Prepare an 8x8 pan with a layer of parchment paper and spray well with baking spray. Another option is to coat with butter if you prefer!
Add the sugar, first corn syrup and water into a pot and cook to 235-240 degrees Fahrenheit. It’s extremely important to pay attention to the temperature of this mixture – this will determine the texture of your marshmallows.
1 Cup Granulated Sugar, 3 tablespoon Light Corn Syrup, ¼ Cup + 1 teaspoon Water
Meanwhile, add the cold water and gelatin together mixing briefly with a fork to combine. Let it set for a few minutes.
¼ Cup + 1 teaspoon Cold Water, 1.5 tablespoon Gelatin
Add the second addition of corn syrup and bloomed gelatin into the bowl of your standing mixer. Pour the hot syrup mixture into the bowl as well and using the whisk attachment, whisk until the mixture for at least 6-10 minutes. You will see that the mixture will become white, glossy, and at least doubled in size. The bowl will feel cool to the touch instead of hot/warm once it is ready to stop mixing.
¼ Cup Light Corn Syrup
Pour in the melted chocolate while slowly whisking until the mixture turns a light, chocolate brown. Then, remove the bowl from your mixer and fold in the chocolate delicately with a spatula until there are no remaining streaks of white.
⅔ Cup Dark Chocolate
Pour the marshmallow mixture immediately into your prepared pan and allow the marshmallows to start setting for about 10 minutes before adding cocoa nibs on top.

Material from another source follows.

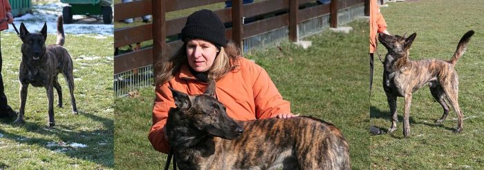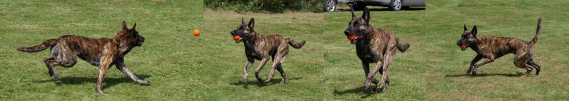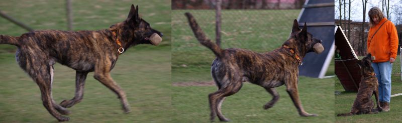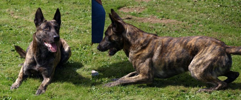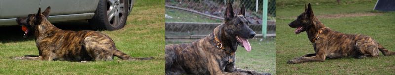 Er ist ein sehr kompakter muskoköser satter Rüde, mit einer schönen Fellzeichnung und kontrastreicher Stromung. Die Stromung setzt sich auch im Gesicht durch.

¼ Cup Cocoa Nibs for Garnish
Let marshmallows sit at least a few hours or overnight before cutting into desired shapes.
As marshmallows are quite sticky, I like working with a sharp knife and a tall glass of hot water. This will allow the marshmallows to have extra sharp and clean edges. After each cut, dip your knife in hot water, wipe away any residue and continue cutting.
Sift together the powdered sugar and cocoa powder into a bowl or plate with taller sides. Coat the sticky sides of each marshmallow with the mixture to prevent them from sticking to each other, sift a bit on top then store in an airtight container.